----- Provided records

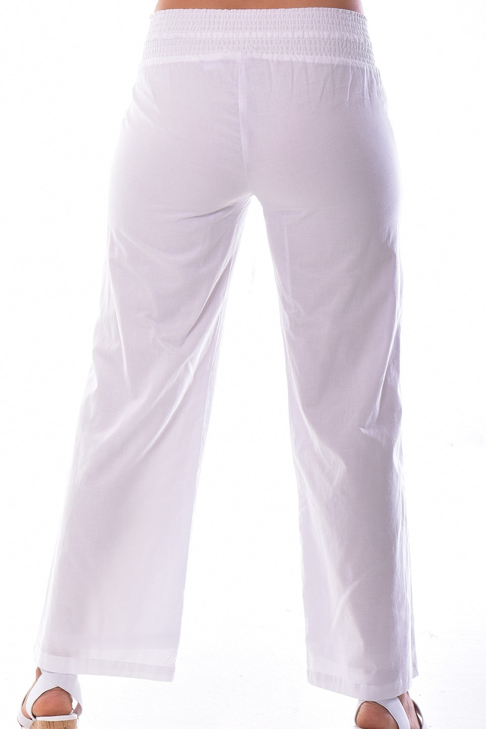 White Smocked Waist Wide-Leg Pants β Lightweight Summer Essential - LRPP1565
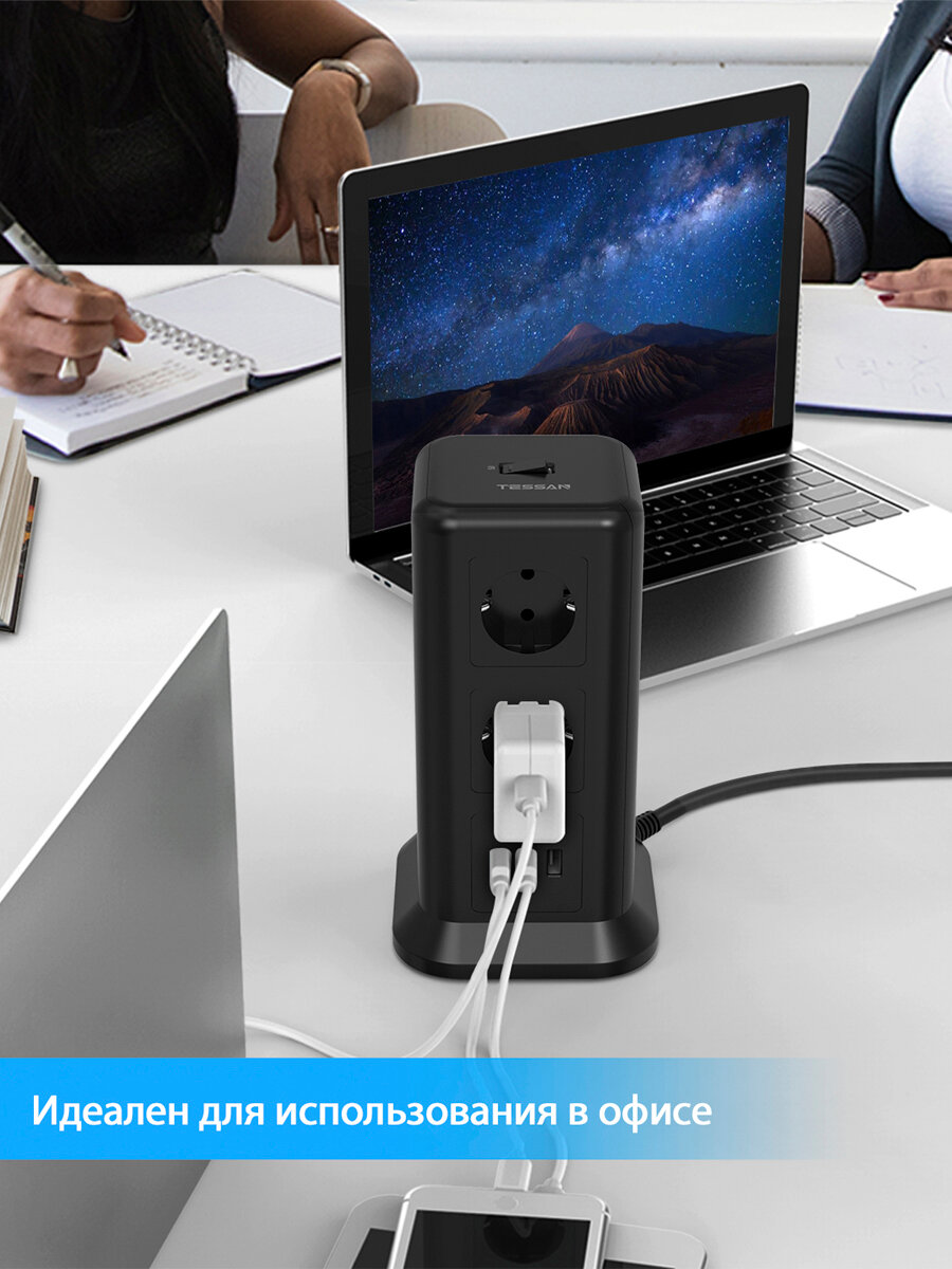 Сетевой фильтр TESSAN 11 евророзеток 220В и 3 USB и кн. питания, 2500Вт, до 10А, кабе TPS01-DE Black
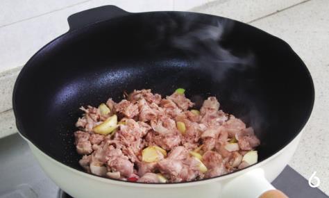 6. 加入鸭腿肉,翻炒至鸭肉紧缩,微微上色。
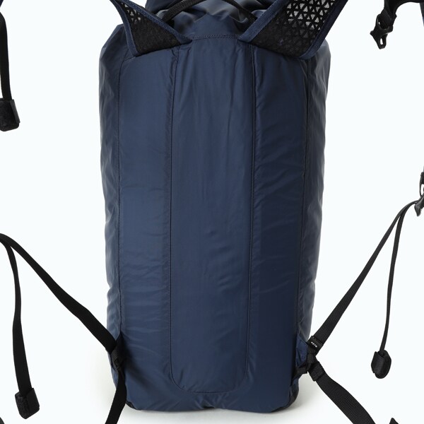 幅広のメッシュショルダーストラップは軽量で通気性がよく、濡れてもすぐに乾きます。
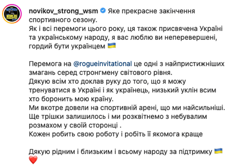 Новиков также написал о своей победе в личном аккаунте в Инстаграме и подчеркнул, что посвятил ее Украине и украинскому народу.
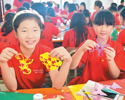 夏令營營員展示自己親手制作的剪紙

----------

What the exercise asks: Transcribe the entries from their first line to the line that holds "幅広のメッシュショルダースト", both included, and skip every picture.

Response below:
 White Smocked Waist Wide-Leg Pants β Lightweight Summer Essential - LRPP1565
 Сетевой фильтр TESSAN 11 евророзеток 220В и 3 USB и кн. питания, 2500Вт, до 10А, кабе TPS01-DE Black
 6. 加入鸭腿肉,翻炒至鸭肉紧缩,微微上色。
 幅広のメッシュショルダーストラップは軽量で通気性がよく、濡れてもすぐに乾きます。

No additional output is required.